Have your child turn off the electronics at least an hour before bed. Remember that sleep quality is a critical factor in health and shouldn't be overlooked – not just for kids, but for you too!

5. Get healthy foods (always have a list!)

When it comes to healthy lunch box ideas, junk food or overly processed foods just don't fit the equation. Make it easy for yourself by stocking up on healthy foods like fruits, vegetables, whole grain breads and cereals, as well as lean proteins like turkey and legumes. If you're a busy, working parent, take a few minutes on the weekend cutting fruits and vegetables and making things like tuna salad or hard-boiled eggs. Buy plenty of airtight containers for nutritious leftover food.

Try to make lists – a shopping list before you go to the grocery store, but also when you get home and put everything away, a weekly planner of what you eat for dinner and / or lunch every day – it saves money too! Your shopping lists include tomatoes, chickpeas, red kidney beans, lentils, frozen spinach, frozen peas, eggs, and canned coconut milk.

6. Coping with stress

Back to school can be stressful for children and parents alike, but too much stress can lead to a variety of health problems, including insomnia and a weak immune system. Help manage stress by talking to your kids about anything that is bothering them, and be careful not to overload anyone's schedule (including your own!).

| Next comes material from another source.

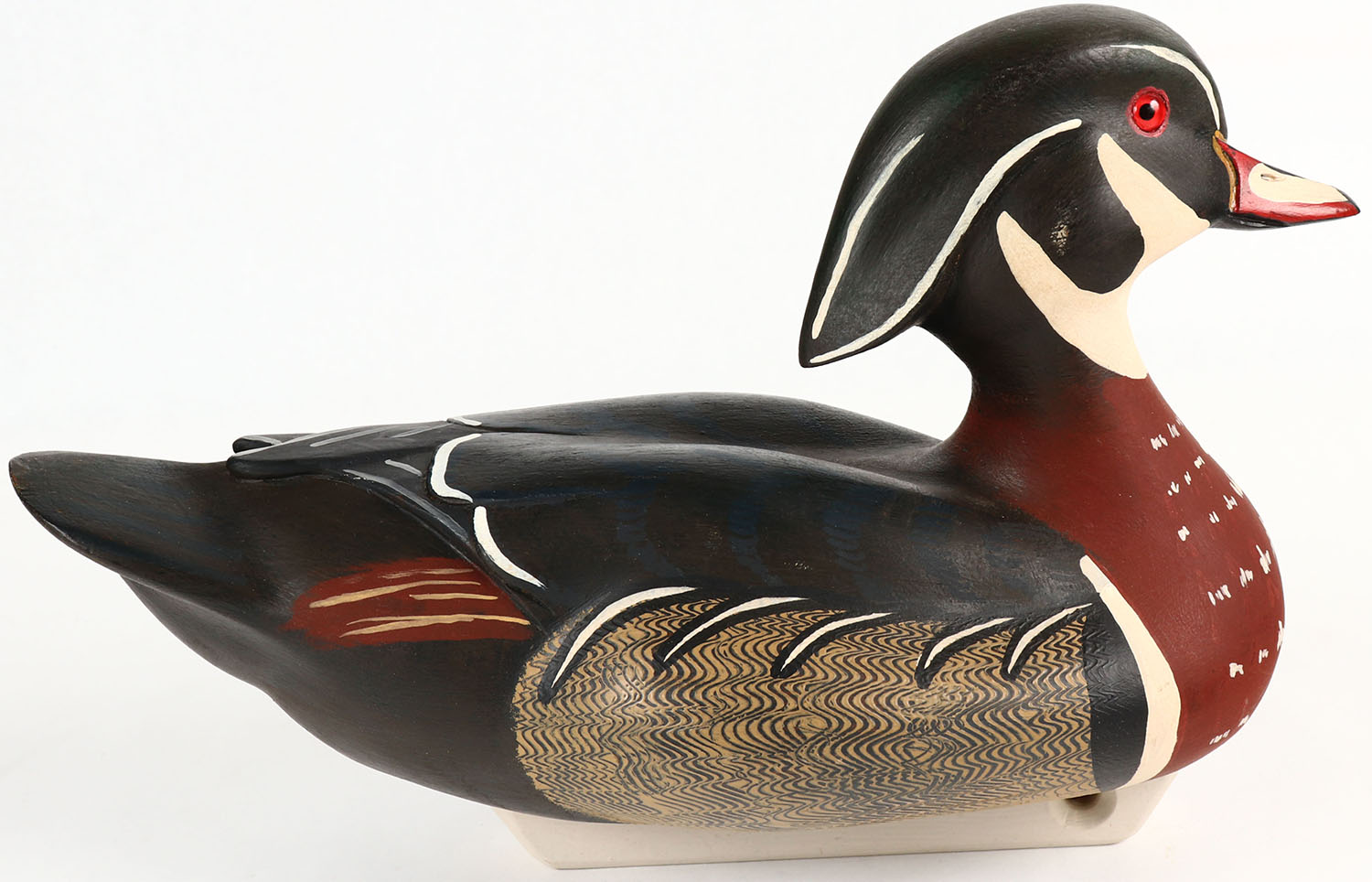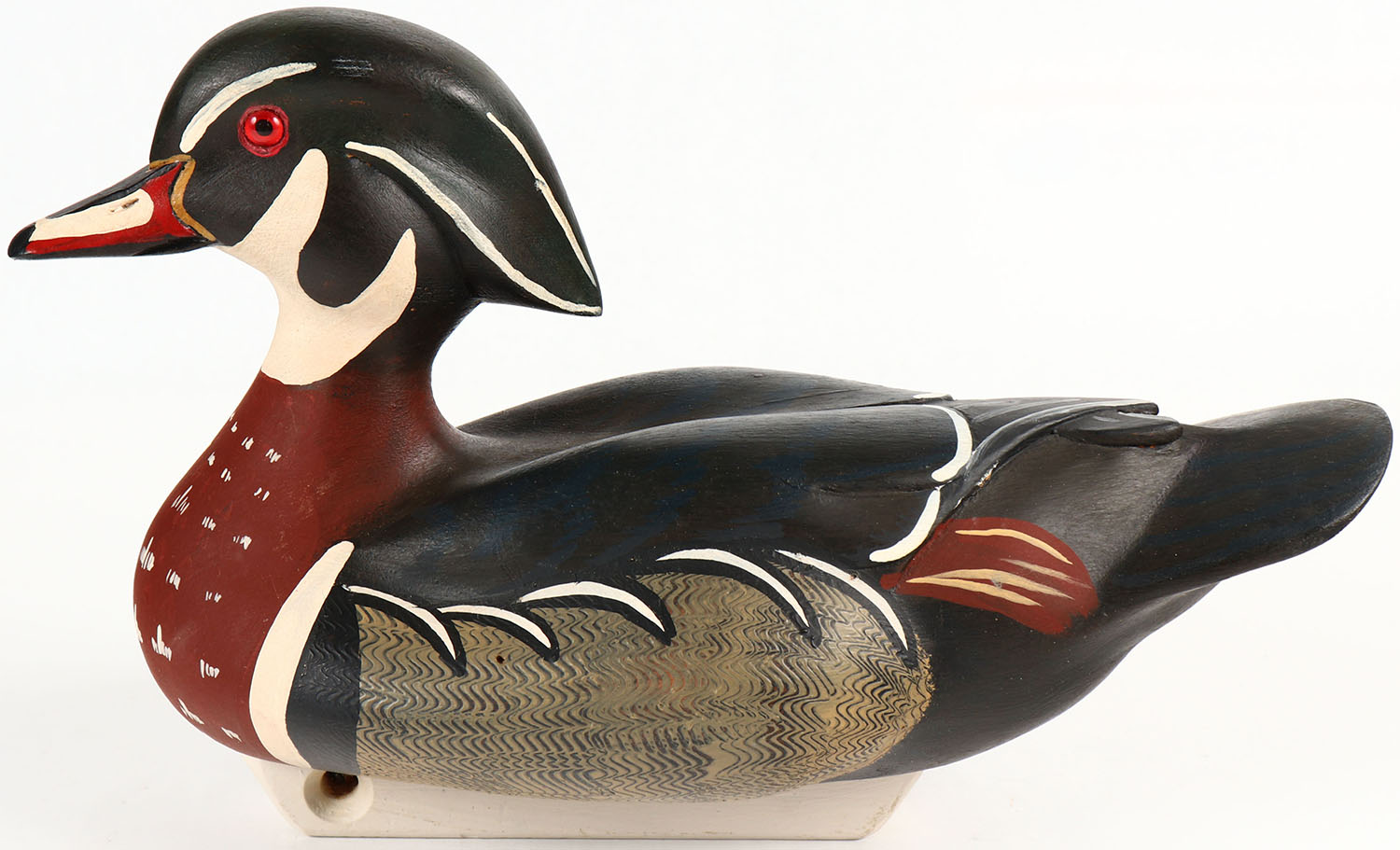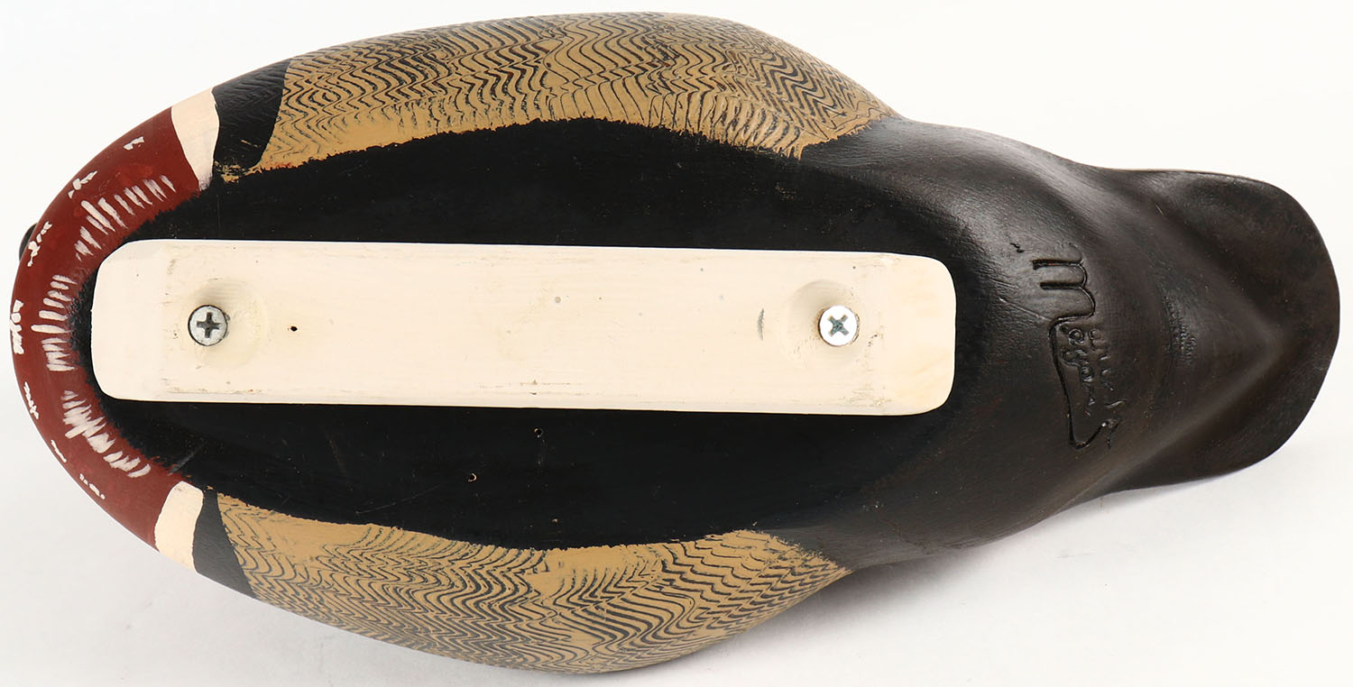 Woodduck Drake by M. Myer, GE, hollow wood, excellent original comb paint, branded on bottom, 13'' OAL. Grade: Excellent ++ - Value: 20 to 60

Schoolwork and after-school activities are important, but it's also important to take time to relax, play, and spend time as a family. If your child is overtired, you should miss a workout here and there – sometimes rest is a priority. Make sure you have times in the journal when nothing is planned at all.

Try to create a relaxed environment at home – wondering if you walk around too much? If so, try to slow down as your children will tend to model your behavior. And invest in inexpensive items for the home that promote a sense of calm – aromatic oils and an oil burner, scented candles, Epsom salts for the bathroom, Radox … all those little things can really make all the difference.

There you have it, our 6 healthy tips for starting school to boost brain performance and lift your spirits. Whatever your circumstances, take one of the tips above and get started. If time permits, incorporate the remaining tips into your routine and in no time you will be up and running with all 6.